• **Exercise**
Please repeat, exactly and without pictures, the lines of the entries below that run from the one containing "Broadway, Higher Odcombe, Yeovil, BA22 8XF" through the one containing "There appear to".

- Opening Delimiter -

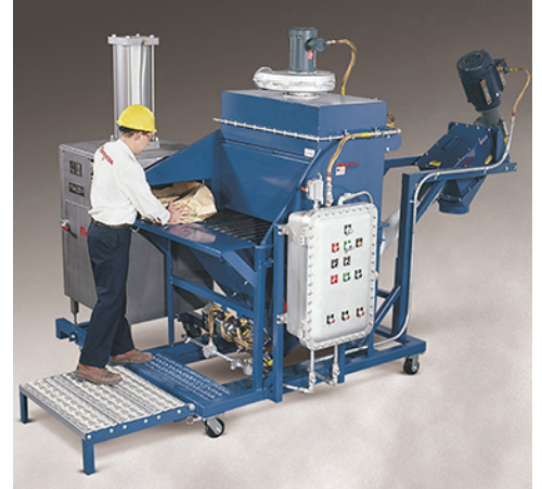
System integrates a hopper, dust collector, bag compactor and conveyor

Integrating system components capable of containing dust during dumping and compaction of bags as well as the conveying of dusty materials can address issues of plant hygiene more effectively than can separate equipment and, with the addition of an explosion-proof electrical system, allow it to handle flammable as well as hazardous and non-hazardous materials throughout the plant.
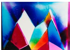
Liz Nielsen Underwater Mountains , 2018 Analog chromogenic photogram on Fujiflex 30 x 40 in. (76.2 x 101.6 cm) 31.25 x 44 in. (79.4 x 111.8 cm), framed (LN 1804)
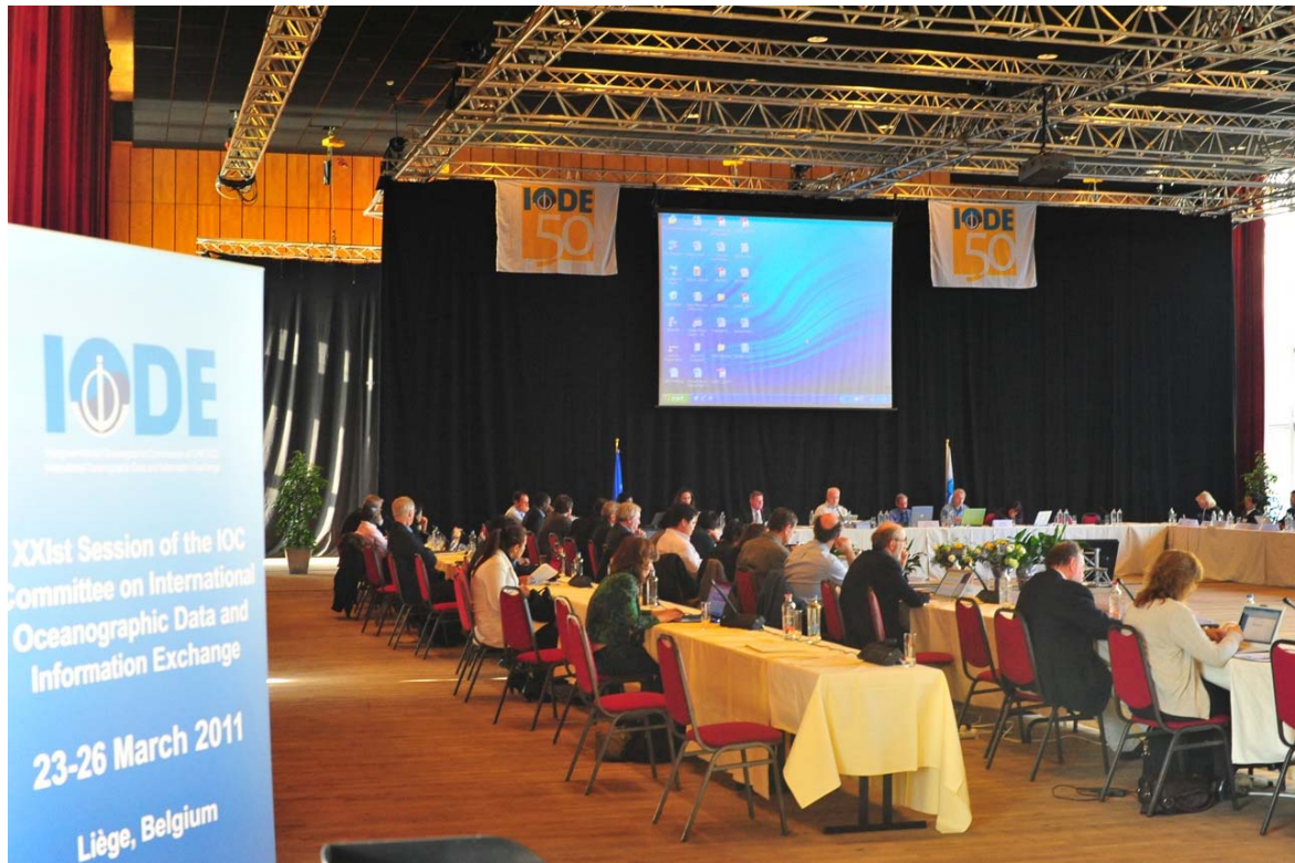
Figure 1: Venue IODE-XXI, Liège, Belgium
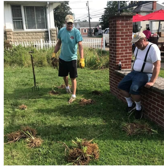
Setting the old plants aside to donate to the community

We converted a Master Gardener garden to a pollinator garden. This was done with the assistance of the Master Gardeners and also residents of the city who showed up to help. We are doing a complete redesign of the area to feature a landscape type garden featuring pollinator plants as well as a meadow type garden for pollinators. This is a highly visible area and our hope is that residents will be able to come to the garden and identify plants and garden types that they can use on their own property.
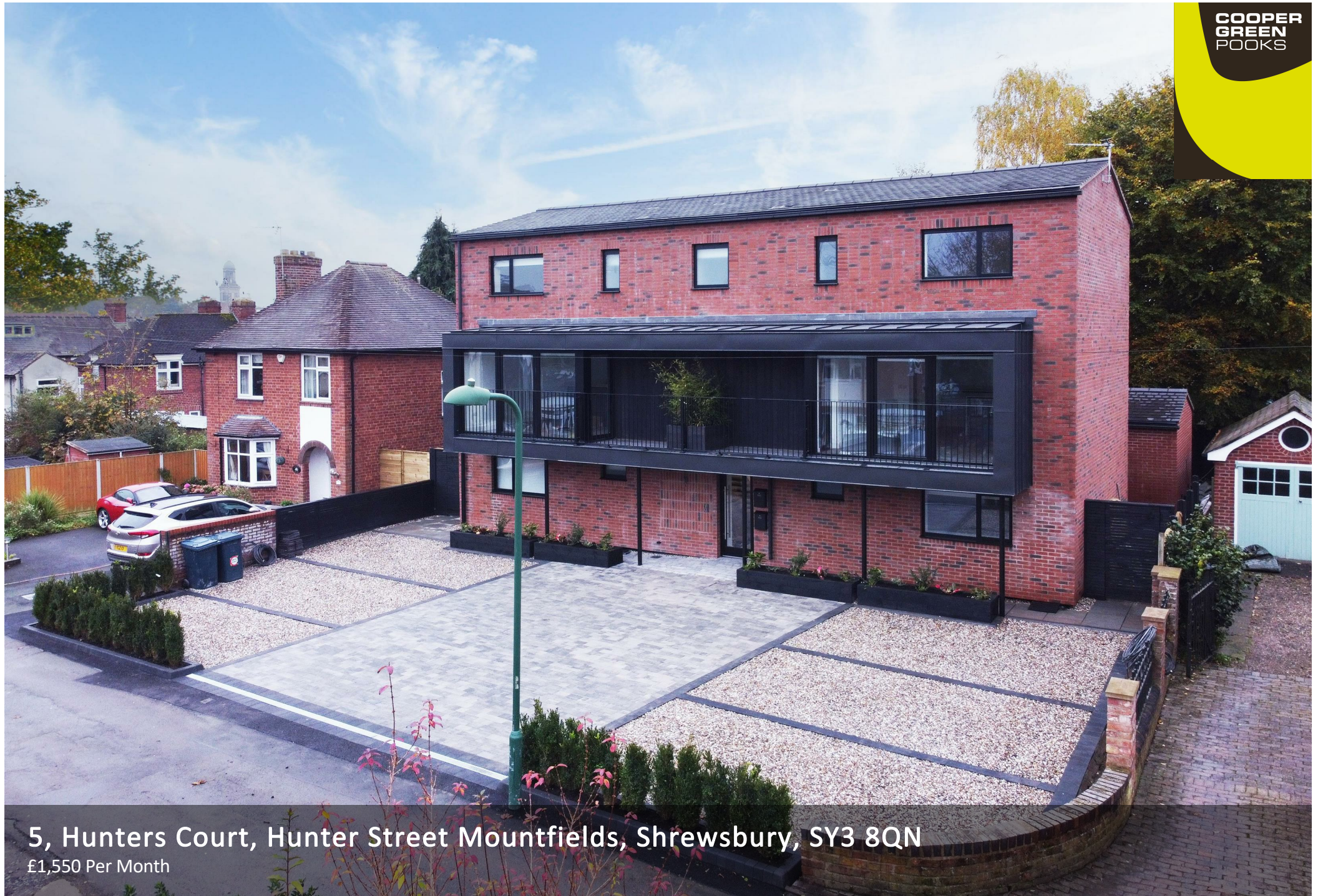
5, Hunters Court, Hunter Street Mountfields, Shrewsbury, SY3 8QN £1,550 Per Month
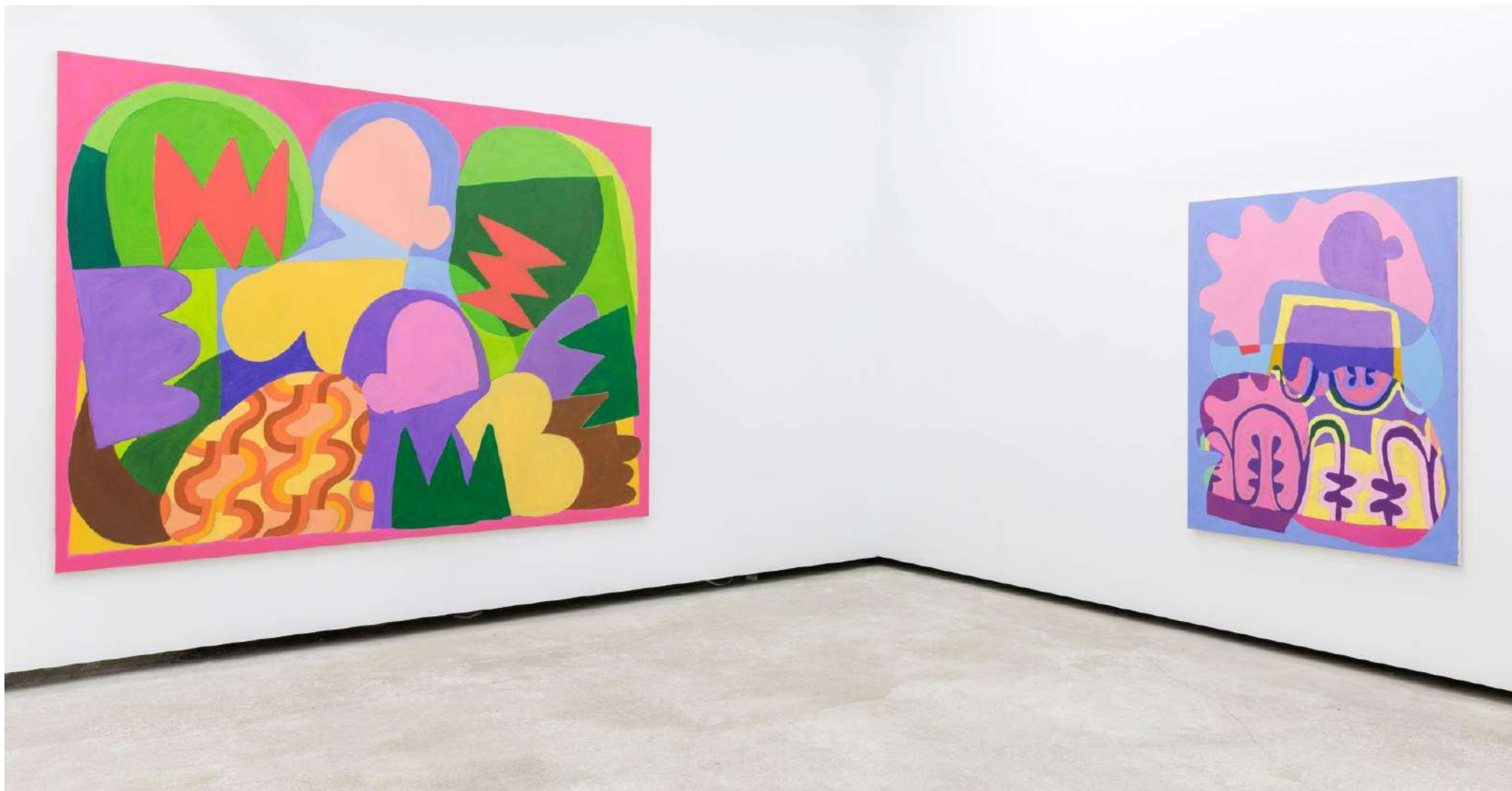
Aristeidis Lappas Tenderness of a Cutting Sword , 2020 Installation view at The Breeder, Athens
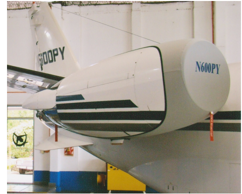
Citation XL Bikini Style Engine Covers
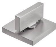
RM61-Q Rectangular Square Rose
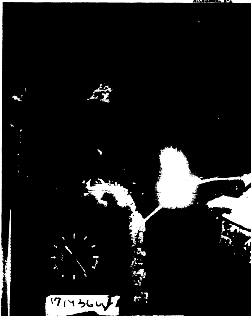
0139:02 Photograph of HAR Radarscope
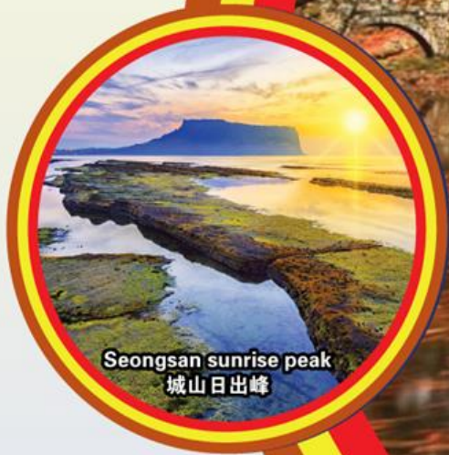
Seongsan sunrise peak 城山日出峰
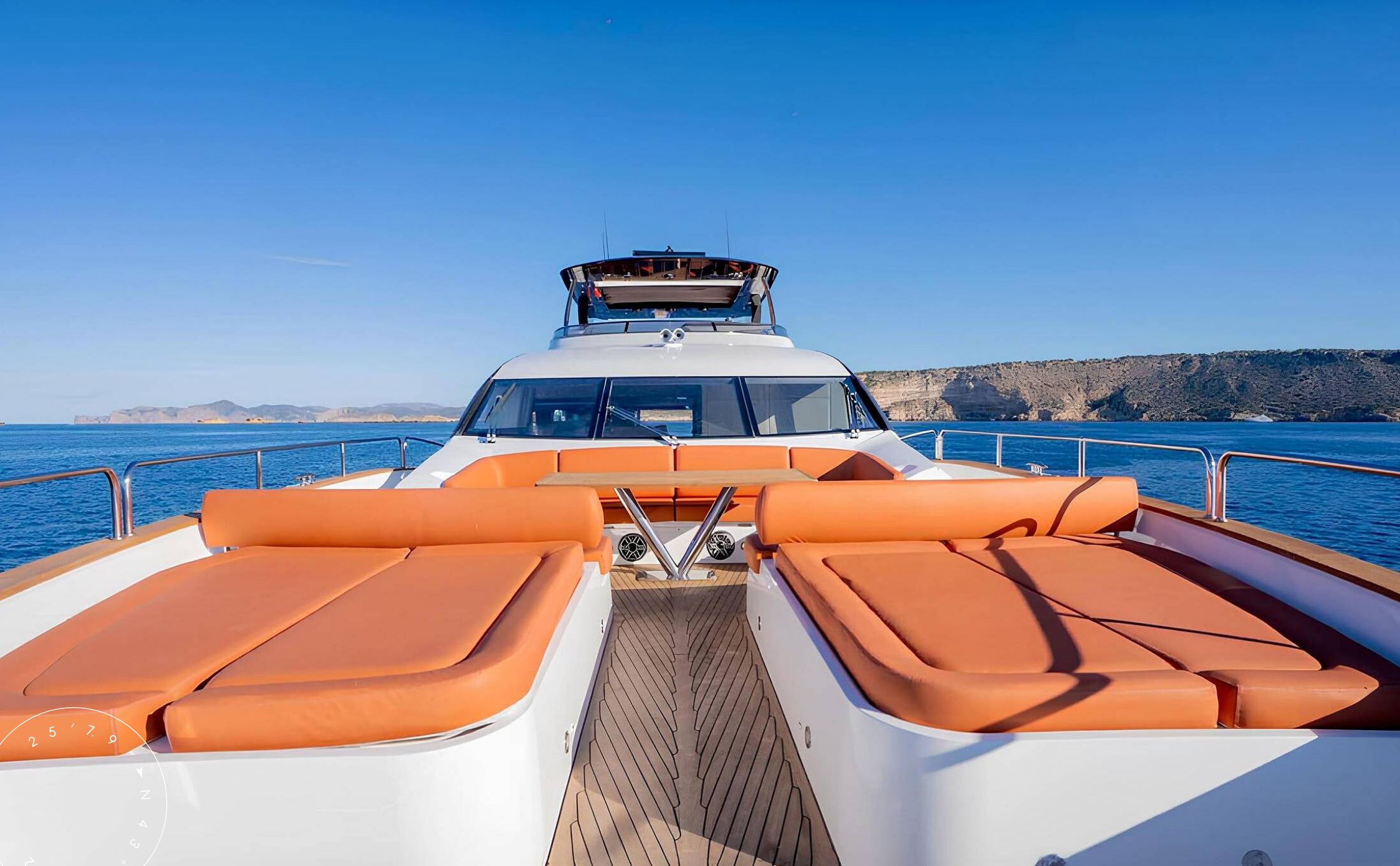
BOW SUNBATHING AREA
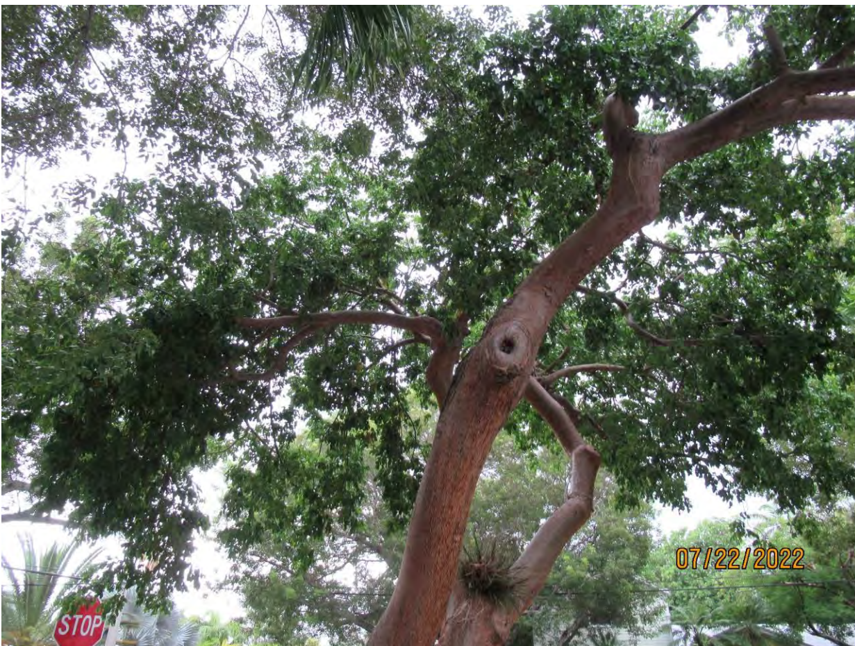
Photo of tree canopy, view 2.
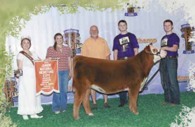
WILDCAT LEMONADE 502 ET 2025 JNHE RESERVE DIVISION 1 BRED & OWNED FEMALE
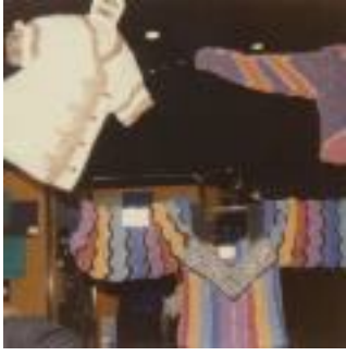
Fashion Group Exhibit (KA0023_000010)
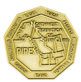
PIPEX Gold Award
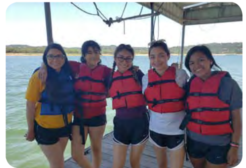
Some fun in the sun after leadership training.
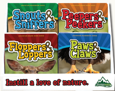
Board Books Display #56041 / 13" x 6.5" free with order of 12 books
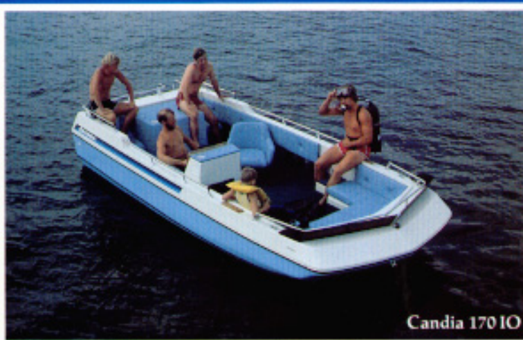
Candia 170 IO
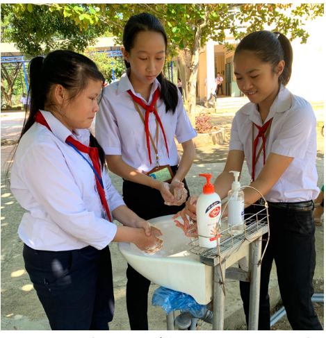
Binh My students are able to wash their hands because of the new filtration system funded in 2019.
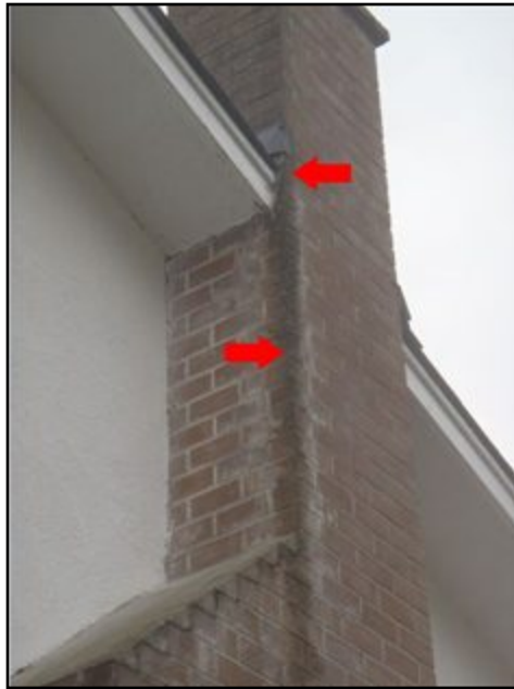
Water run-off path noted
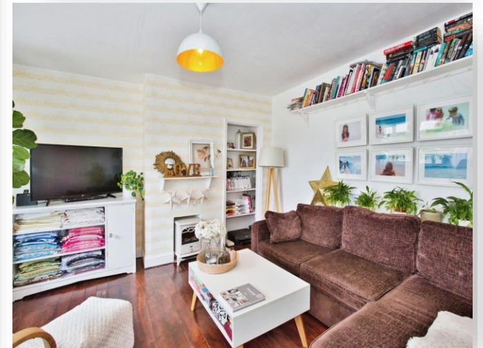
Broadway, Higher Odcombe, Yeovil, BA22 8XF
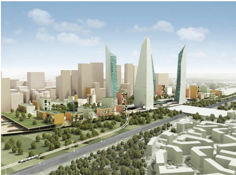
Figure 2: Atelier Portzmanac's rendering of the banlieue, with an elevated, rapid train running through it.
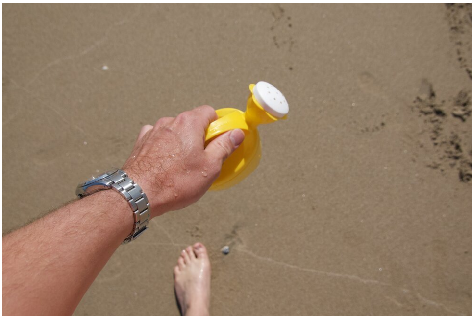
Sandy beaches and plastic watering cans pose no problem for the stainless steel case

The watch has no trouble facing the daily challenges of my life as a father, a programmer and as the man around the house doing some mandatory gardening... Water does not scare the stainless steel case of the watch, neither does dust or yellow creatures from the kid’s corner. This wrist worn companion happily joins you on your adventures.
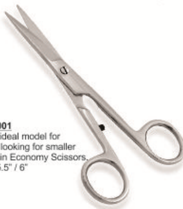
BS26-001 This is ideal model for people looking for smaller blades in Economy Scissors. Size : 5.5" / 6"

Made from selected steel and crafted to perfection for smooth operation and sharpness with one blade micro serrated
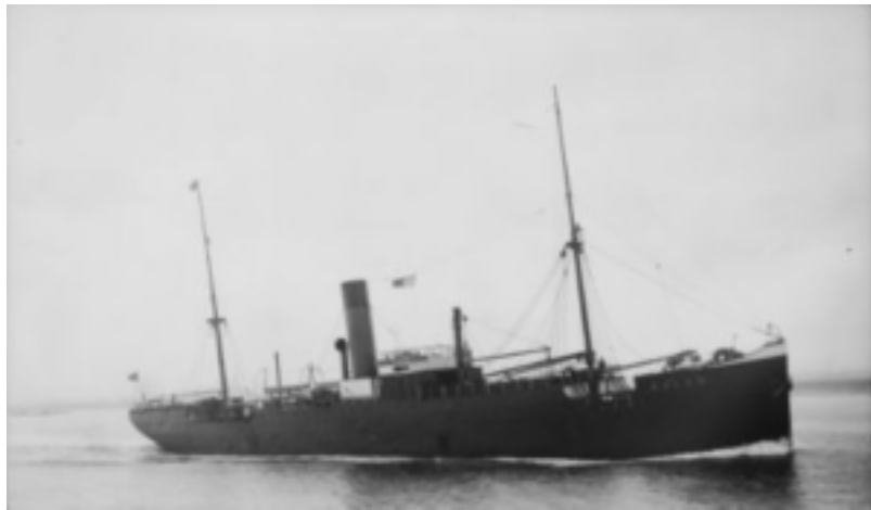
The 'Adler' operated on the Bremen to London route bringing Jewish emigrants from Eastern Europe

There appear to be many Powells on the New York passenger lists described as being born in Prussia.
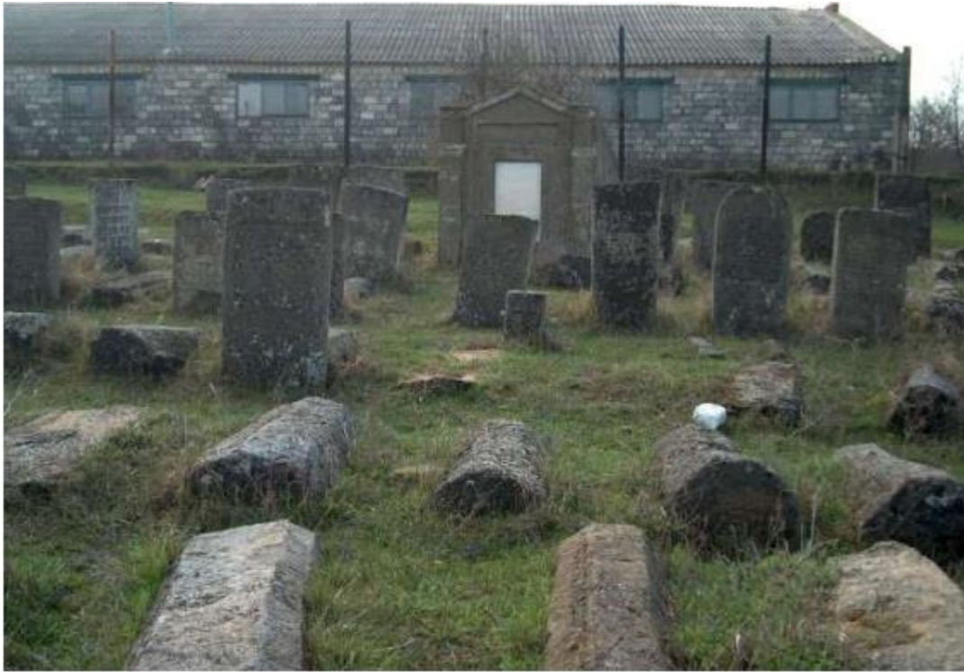
Photo of Leovo cemetery from the report “ Jewish Heritage Sites and Monuments in Moldova ”, United States Commission for the Preservation of America’s Heritage Abroad, 2010

According to the report “ Jewish Heritage Sites and Monuments in Moldova ”, created by United States Commission for the Preservation of America’s Heritage Abroad, 2010, The 1,500 square meter area of the Jewish cemetery in Leova is surrounded by a fence with a gate. There are more than 1,000 extant gravestones; the oldest from the 17th century. More than half of the stones are broken or toppled and vegetation overgrowth prevents easy access. There is no caretaker and the cemetery is rarely visited.

- Closing Delimiter -

• **Answer to the problem**
Broadway, Higher Odcombe, Yeovil, BA22 8XF
Figure 2: Atelier Portzmanac's rendering of the banlieue, with an elevated, rapid train running through it.
Sandy beaches and plastic watering cans pose no problem for the stainless steel case

The watch has no trouble facing the daily challenges of my life as a father, a programmer and as the man around the house doing some mandatory gardening... Water does not scare the stainless steel case of the watch, neither does dust or yellow creatures from the kid’s corner. This wrist worn companion happily joins you on your adventures.
BS26-001 This is ideal model for people looking for smaller blades in Economy Scissors. Size : 5.5" / 6"

Made from selected steel and crafted to perfection for smooth operation and sharpness with one blade micro serrated
The 'Adler' operated on the Bremen to London route bringing Jewish emigrants from Eastern Europe

There appear to be many Powells on the New York passenger lists described as being born in Prussia.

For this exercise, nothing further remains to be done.